An enzyme which has been declared as hyaluronate lyase and "which appears to be a substantially homogeneous material, is particulary effective hyaluronidase because of its wide specifity" has been described by Gottlieb et al. In GB 1,060,513 from animal tissues. The enzyme was described, for example, in the patents GB 1,098,957 and in a mixture with hyaluronidase of animal origin in GB 1,179,787 for the treatment of allergic symptoms suggested. Gottlieb also proposed (US 3,708,575) to treat vascular diseases in humans such as cardiac arrhythmias, thromboses, cerebral infarcts, cerebral thromboses and heart attacks, in particular atherosclerosis, with this hyaluronidase or hyaluronate lyase. An isotonic sterile solution, for example 10,000 IU / ml, is injected intravenously, intraarterially or intrathecally. The enzyme was obtained from animal material in accordance with the information in the property right (US 3,708,575). From the description of the invention it is clear that the enzyme (s) used is the use of testicular hyaluronidases. An esterase activity ascribed to the enzyme, the broad specificity stated and the activity determination method used, which is not specific for the lyase reaction, relates to an animal hyaluronidase. Accordingly, even enzymes with the cleavage specificity of a hyaluronate lyase from animal testes are not listed in the latest literature (Review: GL Frost, T. Csoka and R. Stern: Trends Glycosci.
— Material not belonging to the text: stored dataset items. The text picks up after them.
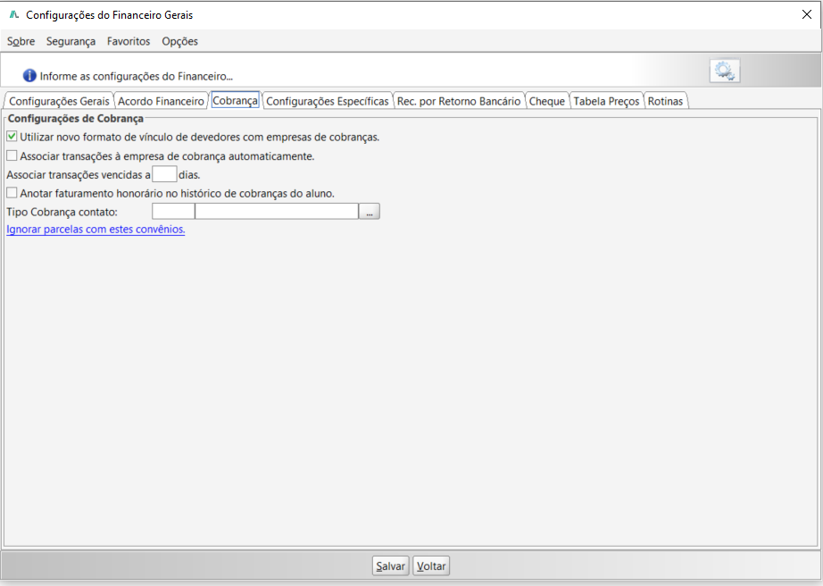 Acesse a aba Cobrança, e marque a flag Utilizar novo formato de veículo de devedores com empresas de cobrança.
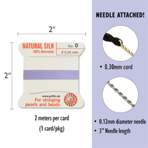 GRIFFIN 100% Natural Silk is made exclusively from the high-grade filament of the silk cocoon. Only this sleek thread has the characteristic lustre and the irresistible natural beauty of pure natural silk.The individual cards have two metres (approx. 79'') of 100% natural thread with a stainless steel needle attached No 0 - 0.30mm - Lilac Carded Bead Cord 100% Natural Silk
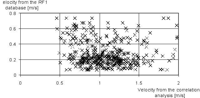 Figure 4.22 Comparison of the velocity from the RF1 database with the velocity estimated from a correlation analysis of the flow record in the Iowa River and tributaries
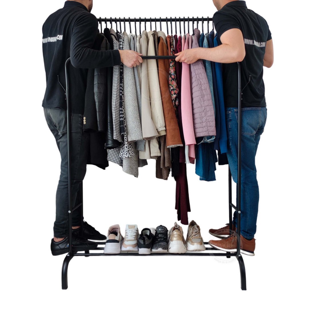 Exhibidor para uso industrial o pesado, multifuncional 3 en 1 con doble espacio para exhibir o almacenar prendas y zapatos. Diseñado para ser desarmable, resistente y duradero, ya que su estructura es en tubo de acero con pintura electro estática negro mate.
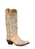 Corral Women's Tan Glitter Inlay Floral Embroidery Boots A3670
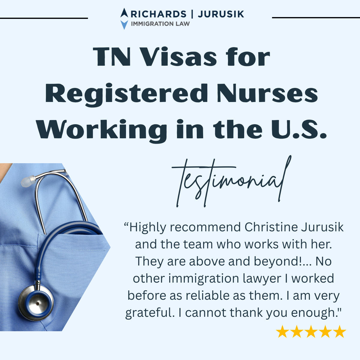 Don’t know where to start? Most offer letters fail to meet the minimum requirements for a TN Visa application. Many TN Visa applications are denied simply due to an improper TN Visa offer letter. The TN Visa lawyers at Richards and Jurusik Immigration Law have hundreds of 5-star client reviews and decades of experience helping TN Visa holders with all aspects of the TN Visa process. We always start with a case assessment and offer several levels of TN Visa legal services to fit your needs.

Glycotechnol. 8, 419 - 434).

According to the cited literature, hyaluronidase from bovine testicles is suitable for increasing the permeability of blood vessels to the blood stream by dissolving, breaking down or rendering atheromatous deposits and possibly constituents of blood clots and blood thrombi. The constituents of the blood thrombus that may be detached could be plaque particles that have detached from the intima and on which a blood thrombus has formed.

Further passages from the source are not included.